Implementation of Agglomerative Clustering with Scikit-Learn

Unsupervised algorithms for machine learning search for patterns in unlabelled data. Agglomerative clustering is a technique in which we cluster the data into classes in a hierarchical manner. You can start using a top-down approach or a bottom-up approach. In the bottom-up approach, all data points are treated as unique clusters at the start. Then, in each iteration, the algorithm merges the two closest clusters into a single cluster. This process continues until you reach the required number of clusters. For a better theoretical understanding of how agglomerative clustering works, you can refer here.

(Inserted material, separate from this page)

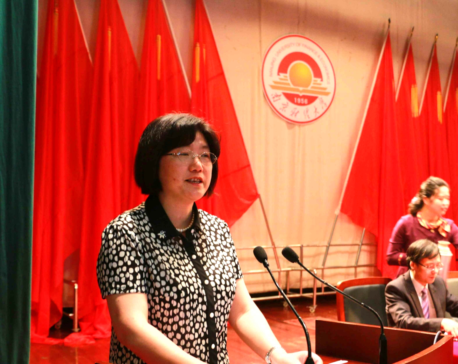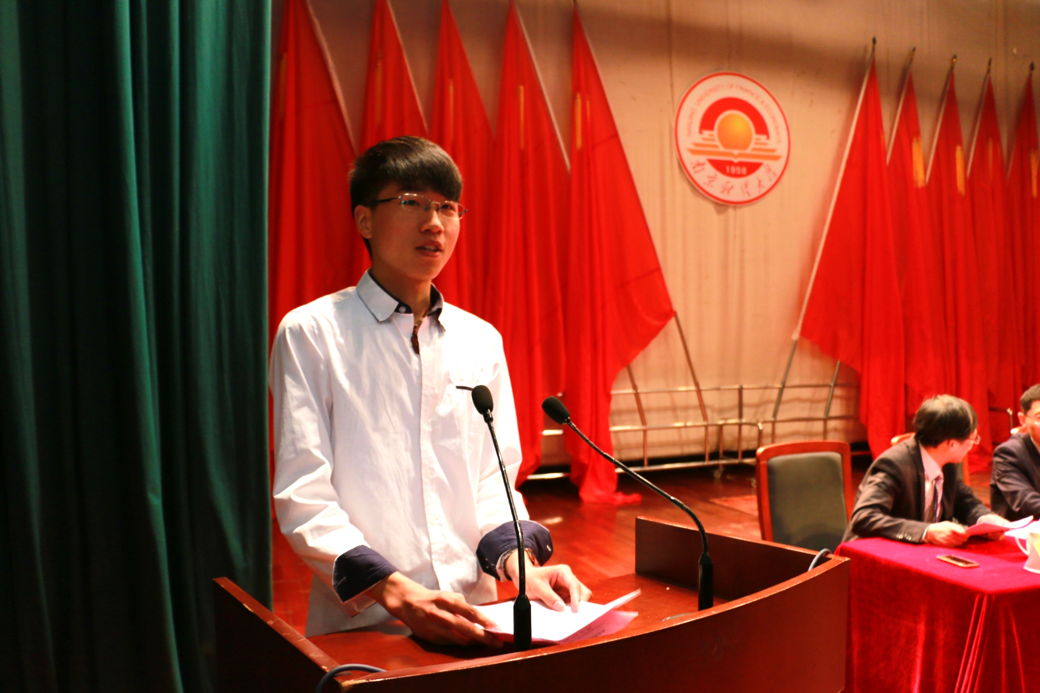 会计1255班颜妮同学发言代表全体在校生向学长学姐们送上最真挚的祝福,祝愿他们在未来的征程中驰聘万里,走出属于自己的精彩人生。会计1160班泮淑南同学、金融1154班彭瑞同学代表全体毕业生发言,他们向母校和老师表达了由衷的感谢和崇高的敬意,并表示将会永远铭记母校和师长的教诲,坚守梦想,奋发向上。

In this article, we see the implementation of hierarchical clustering analysis using Python and the scikit-learn library.

Agglomerative clustering with Sklearn

You will require Sklearn, python’s library for machine learning. We will be using a readily available dataset present in Scikit-Learn, the iris dataset. This is a common dataset for beginners to use while experimenting with machine learning techniques.

To start off, the necessary libraries are imported.

from sklearn import datasets
from sklearn.decomposition import PCA
import numpy as np 
import pandas as pd

We follow this by loading the dataset and split into input and output.

iris = datasets.load_iris() 
>>> (150, 4)

The data consists of four attributes and 150 records. The target variable isĀ  Y and has three categories. Since this is unsupervised learning, we will not be providing Y to the clustering algorithm. However, we will be keeping it to compare with the results of our clustering algorithm. We now perform Principal Component Analysis to reduce the features from four to two, for ease of visualization.

X = PCA(n_components=2).fit_transform(X)

And we can see:

python plot

The features have been reduced to two variables and are now ready for clustering. The Agglomerative clustering module present inbuilt in sklearn is used for this purpose.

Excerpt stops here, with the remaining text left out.